---- EXTRACTED INFORMATION
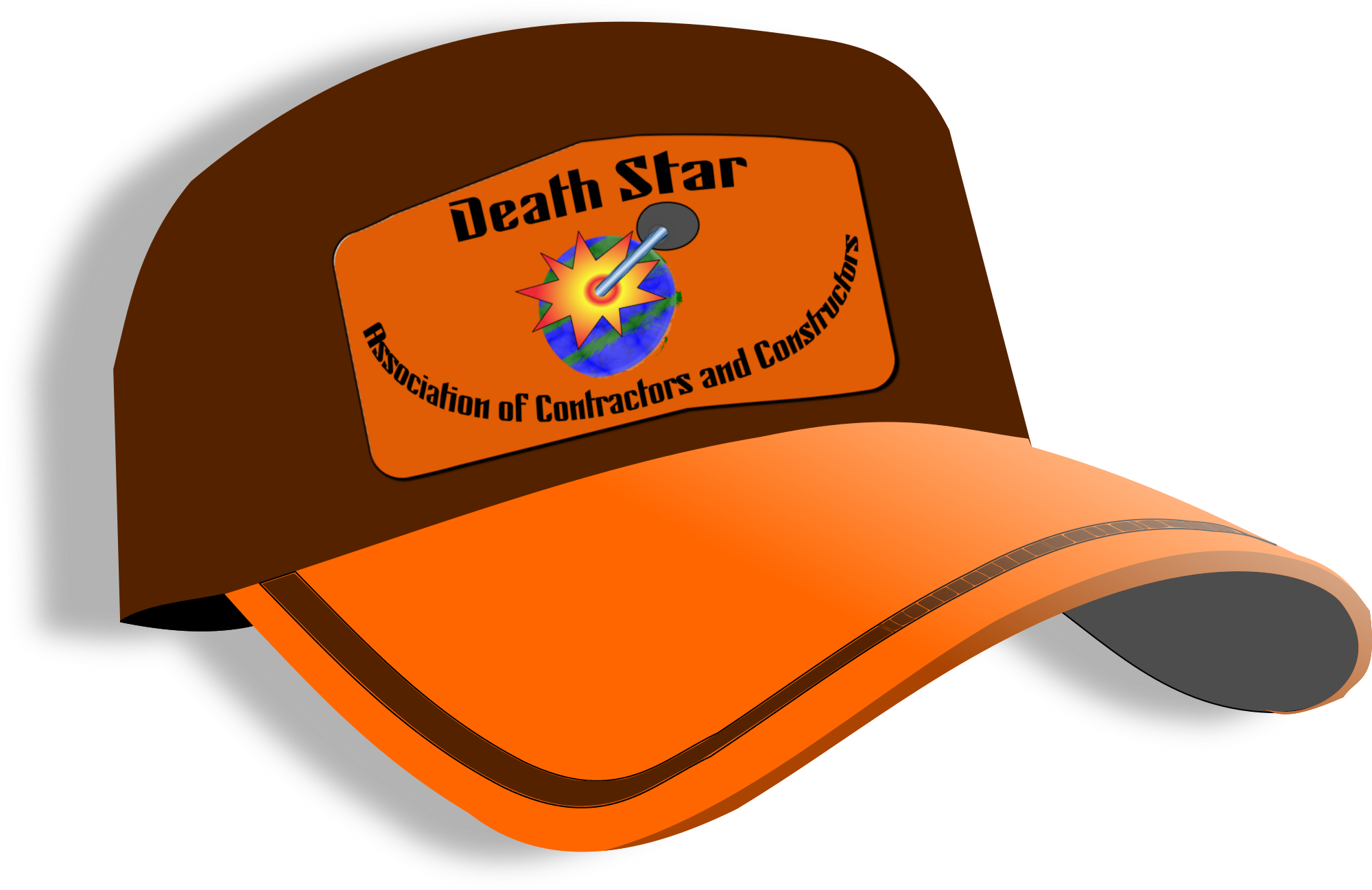 The fatal moral flaw of the Rebel plan is always that, when they blow up a Death Star or other evil super-weapon, there are not only combatants aboard but janitors and other maintenance personnel. In the case of the incomplete DS-2 Orbital Battle Station above the forest moon of Endor in the film Return of the Jedi, an enormous number of construction contractors would have been aboard and perished in the final explosion. This, then, is a cap featuring the patch of the (non-canonical) Death Star Association of Contractors and Constructors, perhaps fallen to the floor of the forest moon after the death of its hapless owner.
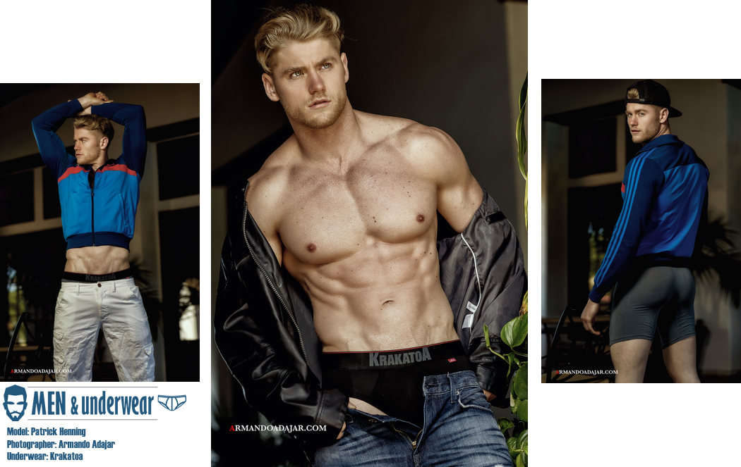 The model we feature today is called Patrick Henning and you are about to see his latest collaboration with the talented photographer Armando Adajar. The editorial the two men produced features the latest underwear designs by Krakatoa. Patrick, who is also a dancer, is seen wearing black briefs and grey, athletic long boxer briefs. The photographer/master in men’s underwear photo shoots chose a fairly simple backdrop with just enough colour to accentuate the flawless physique of his model but also the underwear he is wearing.
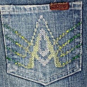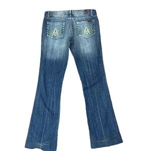 7 For All Mankind A-Pocket Blue, Light Wash, Boot Cut, 5-pockets with Green and white rhinestone “A”
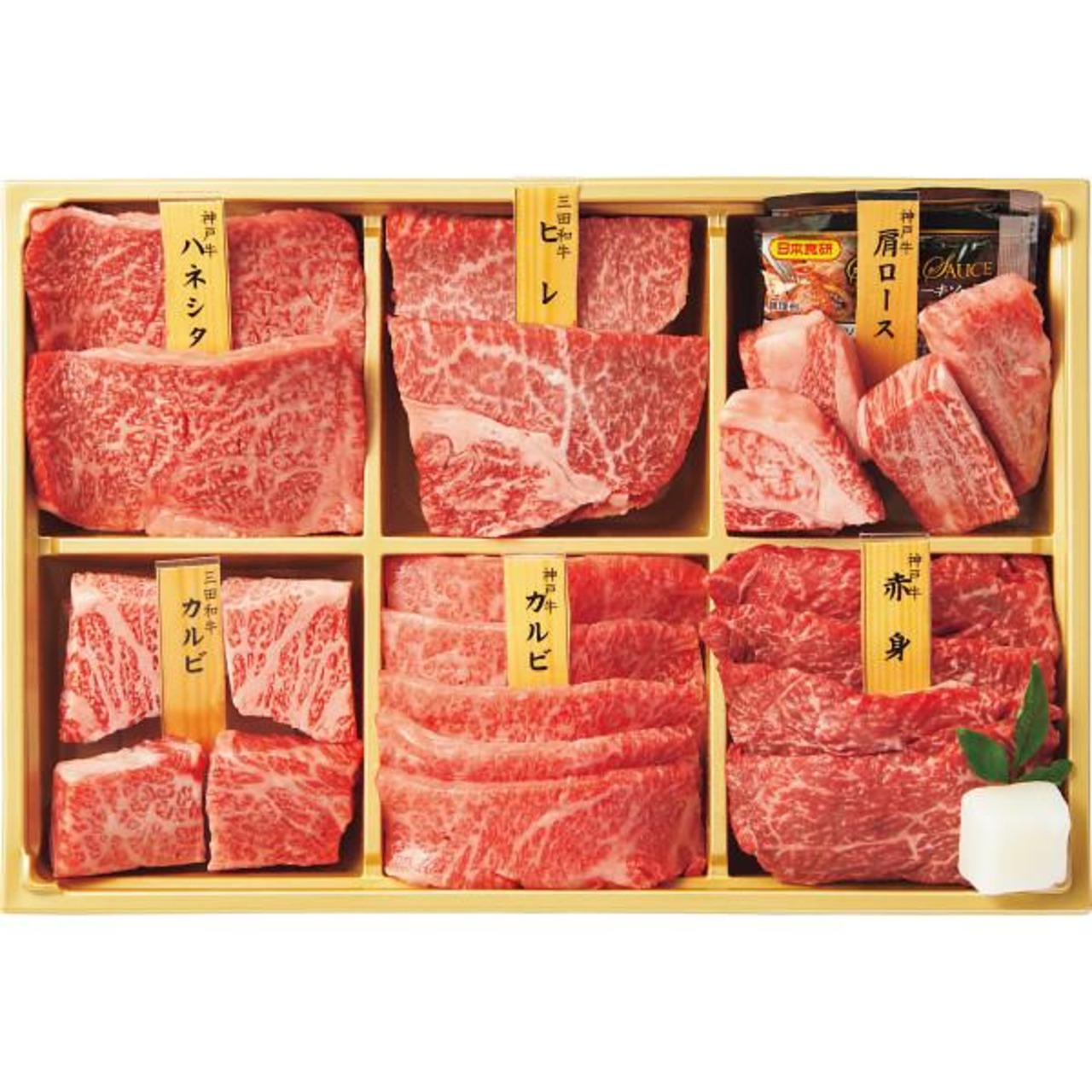 商品内容:●<一の重>兵庫県産神戸牛ハネシタミニステーキ60g、兵庫県産三田和牛ヒレミニステーキ60g、兵庫県産神戸牛肩ロースサイコロステーキ60g、兵庫県産三田和牛カルビサイコロステーキ60g、兵庫県産神戸牛カルビ焼肉用60g、兵庫県産神戸牛赤身焼肉用60g<二の重>兵庫県産三田和牛赤身ブリスケ焼肉用60g、兵庫県産神戸牛肩ロースうす切り60g、兵庫県産三田和牛リブロース焼肉用60g、兵庫県産神戸牛赤身肩肉うす切り60g、兵庫県産三田和牛トロバラうす切り60g、兵庫県産三田和牛赤身ランプうす切り60g【別添】牛脂9g×2、ステーキソース20g×2
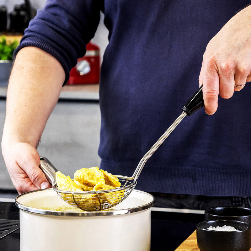 Łyżka druciana cedzakowa to nieodzowny pomocnik podczas gotowania, blanszowania, smażenia w głębokim tłuszczu oraz dań z woka. Długi uchwyt zapewniający bezpieczną odległość dłoni od gorących płynów. Wygodny uchwyt z tworzywa z błyszczącym efektem. Można myć w zmywarce. Wymiary: 36 x 13 cm.
--------
§ YOUR OBJECTIVE:
Write out every line above exactly, minus images.

§ TASK ANSWER:
 The fatal moral flaw of the Rebel plan is always that, when they blow up a Death Star or other evil super-weapon, there are not only combatants aboard but janitors and other maintenance personnel. In the case of the incomplete DS-2 Orbital Battle Station above the forest moon of Endor in the film Return of the Jedi, an enormous number of construction contractors would have been aboard and perished in the final explosion. This, then, is a cap featuring the patch of the (non-canonical) Death Star Association of Contractors and Constructors, perhaps fallen to the floor of the forest moon after the death of its hapless owner.
 The model we feature today is called Patrick Henning and you are about to see his latest collaboration with the talented photographer Armando Adajar. The editorial the two men produced features the latest underwear designs by Krakatoa. Patrick, who is also a dancer, is seen wearing black briefs and grey, athletic long boxer briefs. The photographer/master in men’s underwear photo shoots chose a fairly simple backdrop with just enough colour to accentuate the flawless physique of his model but also the underwear he is wearing.
 7 For All Mankind A-Pocket Blue, Light Wash, Boot Cut, 5-pockets with Green and white rhinestone “A”
 商品内容:●<一の重>兵庫県産神戸牛ハネシタミニステーキ60g、兵庫県産三田和牛ヒレミニステーキ60g、兵庫県産神戸牛肩ロースサイコロステーキ60g、兵庫県産三田和牛カルビサイコロステーキ60g、兵庫県産神戸牛カルビ焼肉用60g、兵庫県産神戸牛赤身焼肉用60g<二の重>兵庫県産三田和牛赤身ブリスケ焼肉用60g、兵庫県産神戸牛肩ロースうす切り60g、兵庫県産三田和牛リブロース焼肉用60g、兵庫県産神戸牛赤身肩肉うす切り60g、兵庫県産三田和牛トロバラうす切り60g、兵庫県産三田和牛赤身ランプうす切り60g【別添】牛脂9g×2、ステーキソース20g×2
 Łyżka druciana cedzakowa to nieodzowny pomocnik podczas gotowania, blanszowania, smażenia w głębokim tłuszczu oraz dań z woka. Długi uchwyt zapewniający bezpieczną odległość dłoni od gorących płynów. Wygodny uchwyt z tworzywa z błyszczącym efektem. Można myć w zmywarce. Wymiary: 36 x 13 cm.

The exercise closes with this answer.